Però il vento che spira in questi giorni dai media americani non va in quella direzione. Pechino spesso figura come "di fatto” alleato di Putin, un nemico non dichiarato cui non fare sconti (costruiamo altre 200 navi da guerra per opporre ai cinesi una flotta doppia della loro, incita un opinionista del New York Times).
Spesso traspare una voglia di Guerra fredda, stavolta interpretata nei termini di democrazie versus autocrazie, dunque Occidente sotto la leadership americana contro Russia e Cina. La narrazione si diffonde con rapidità, a motivo del fatto che preesisteva: attendeva solo un’occasione per riemergere.
Secondo il Financial Times «il discorso che ha segnato l’inizio della nuova Guerra fredda, stavolta tra Usa e Cina» risale all’ottobre 2018. Mike Pence, vicepresidente di Donald Trump, annuncia: «La Cina vuole cacciare gli Stati Uniti dal Pacifico occidentale… ma non ci riusciranno». E mesi dopo: «Se non agiamo adesso alla fine il partito comunista cinese eroderà le nostre libertà».
Se la presidenza Trump trasforma in minaccia esistenziale al "mondo libero” una rivalità economica, certo combattuta dai cinesi con colpi proibiti, il presidente Joe Biden corregge il tiro: «Noi non cerchiamo una nuova Guerra fredda né una divisione del mondo». Ma ormai la metafora è entrata nel discorso pubblico.

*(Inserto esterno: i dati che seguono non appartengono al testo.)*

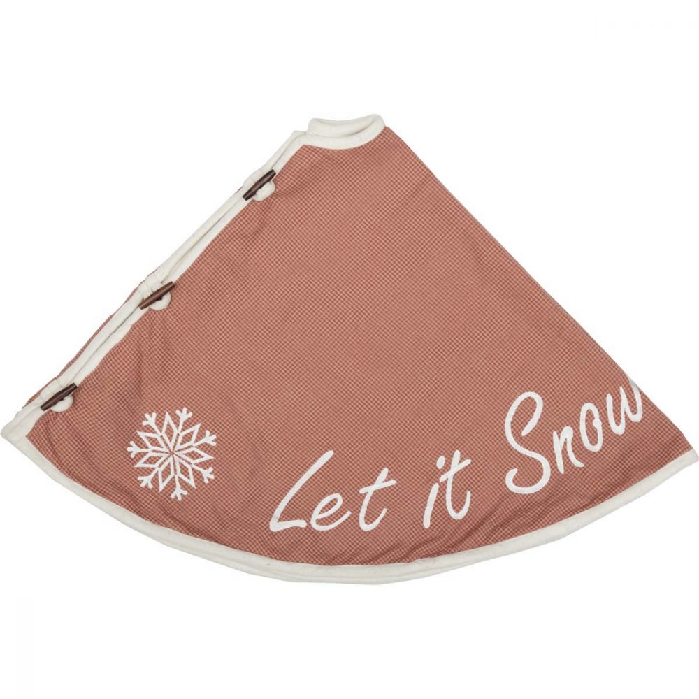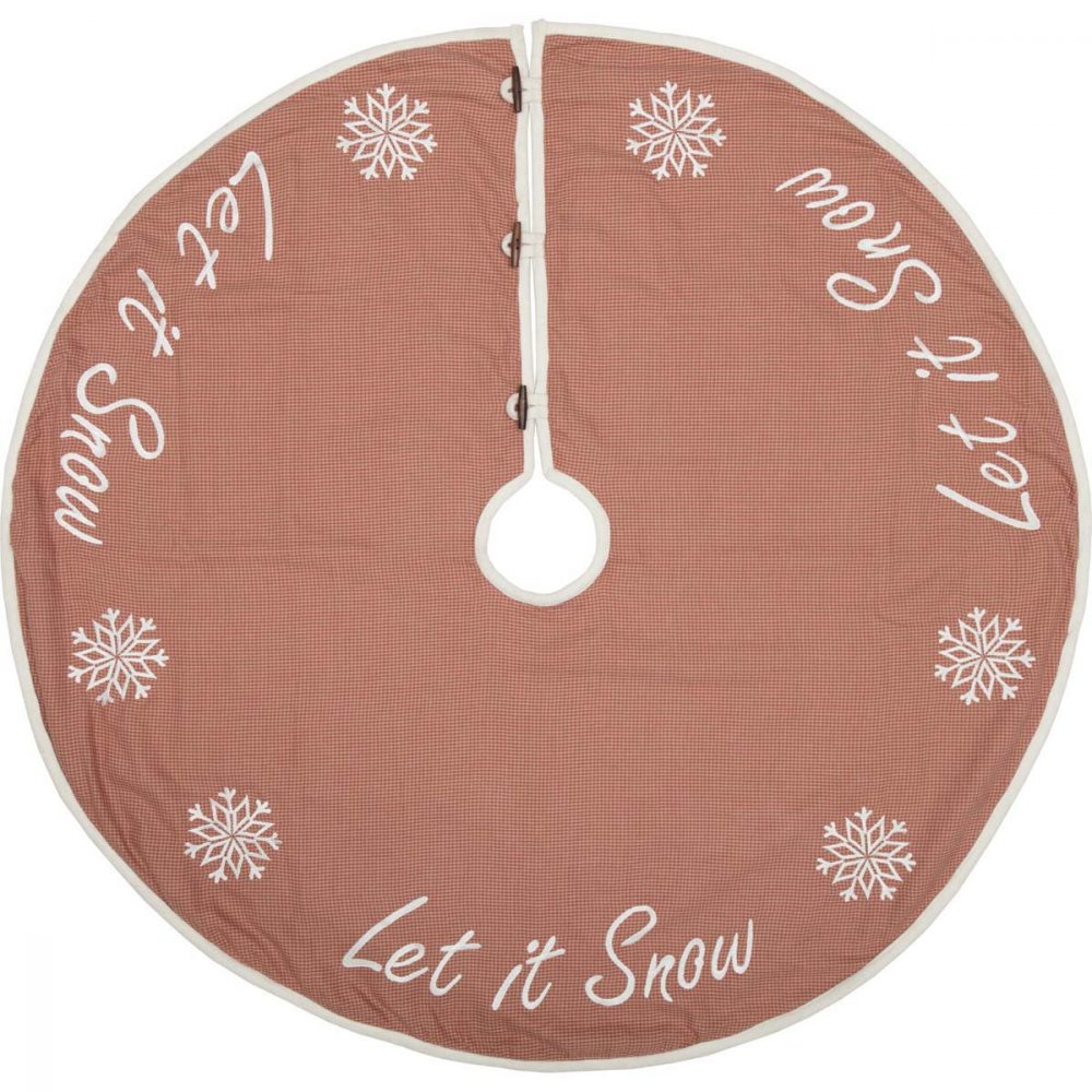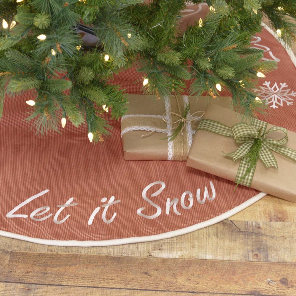 - DETAILED FEATURES: This truly festive tree skirt features apple red and almond micro-houndstooth cotton fabric. "Let It Snow" with snowflakes embroidered in white are repeated around the outside edge for added holiday charm and unique texture. The opening trimmed with .5" creme felt binding, turned edge seam around outside, and reverses to solid creme felt.

In Italia alcuni media adottano gli schemi della Guerra fredda con l’entusiasmo di una repubblica delle banane. Malgrado all’epoca fosse devoto a Trump quanto a padre Pio, il premier Giuseppe Conte viene tacciato di rompere la solidarietà occidentale per aver aderito (goffamente) al progetto cinese Belt and Road, foriero di vantaggi per il nostro paese.

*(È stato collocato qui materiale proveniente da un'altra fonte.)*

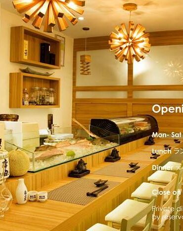 Japanese sushi chefs in traditional white uniforms preparing fresh fish at a sushi counter with wooden trays of tuna, salmon, and seafood for new restaurants in Singapore
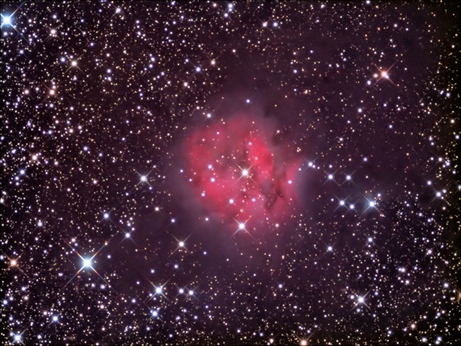 cluster at the heart of this rich nebulosity and which is evident in the image below. Widefield photos of the region reveal
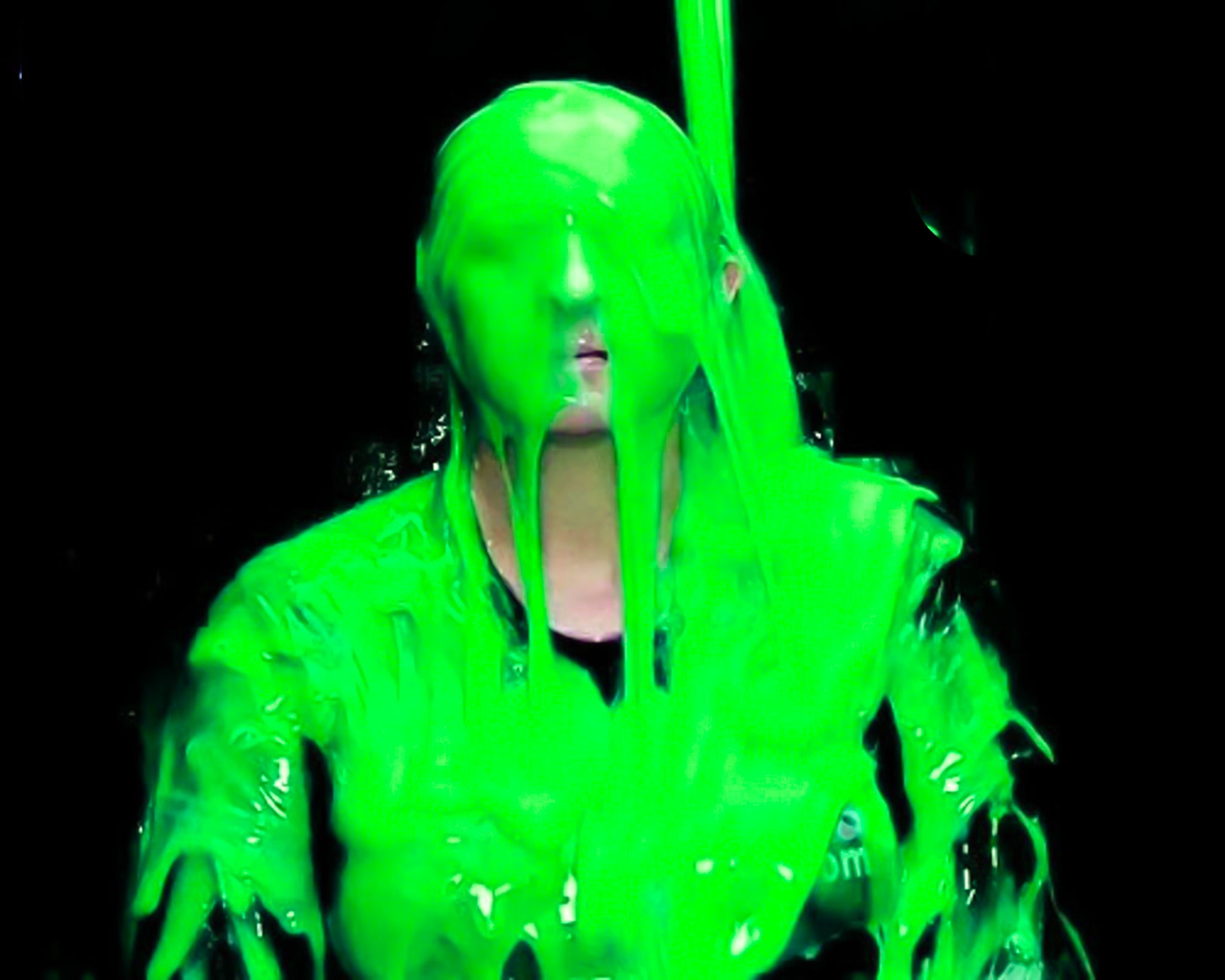 Our green slime has a smooth shiny texture, similar to what you see widely used on TV for a number of years (similar to Nickelodeon type, in appearance and thickness)

Un settimanale a larga tiratura accusa gli 11 centri culturali della Cina, i Confucio, di funzionare da schermo per lo spionaggio cinese, sicché i suoi direttori italiani (9 sinologi e 2 economisti, tutti stimati accademici) si scoprono colpevoli di intelligenza col nemico. Editorialisti indifferenti ai diritti umani si accorgono all’improvviso della brutale repressione cinese degli Uiguri e lamentano accorati che la Ue non insorga (curiosamente gli stessi quotidiani non hanno mai dato notizie di quanto accade nel Kashmir occupato dall’esercito indiano con altrettanta brutalità).
L’ambiguità di Pechino di fronte all’invasione dell’Ucraina permette di ripristinare la narrazione della nuova Guerra fredda in versione: Mosca e Pechino contro il Blocco occidentale guidato dagli Stati Uniti. Non è questo lo schema che ci può proteggere dalle onde d’urto proiettate nel mondo dalla fine della Pax americana.
Avremmo semmai bisogno di un nuovo Accordo di Helsinki, e di un’Europa che se ne faccia promotrice. Di nuove regole per un mondo multipolare in cui le apprensioni di tutti, anche di Pechino, siano prese in considerazione. Occorrerebbe coraggio (anche da parte della Cina). E rapidità, perché il caos incombe.
L’alternativa
L’alternativa è il ritorno al retro-futuro verso cui già dirige una parte dalla stampa italiana. Da una parte il pacifismo ex-sovietico da cui il pacifismo sincero, quello delle Castellina e dei Landini, dovrebbe finalmente smarcarsi; dall’altra un atlantismo altrettanto petulante che vuole a tutti costi la Cina al di là della nuova Cortina di ferro, e noi tutti di qua, disciplinati e docili, senza velleità di ‘autonomie strategiche’, rassicurati dall’aver finalmente trovato il Nemico necessario alla costruzione della nostra smarrita identità («Sappiamo chi siamo solo quando sappiamo chi non siamo e spesso solo quando sappiamo contro chi siamo»: Samuel Huntington, ovviamente). Non siamo cinesi. Grande novità.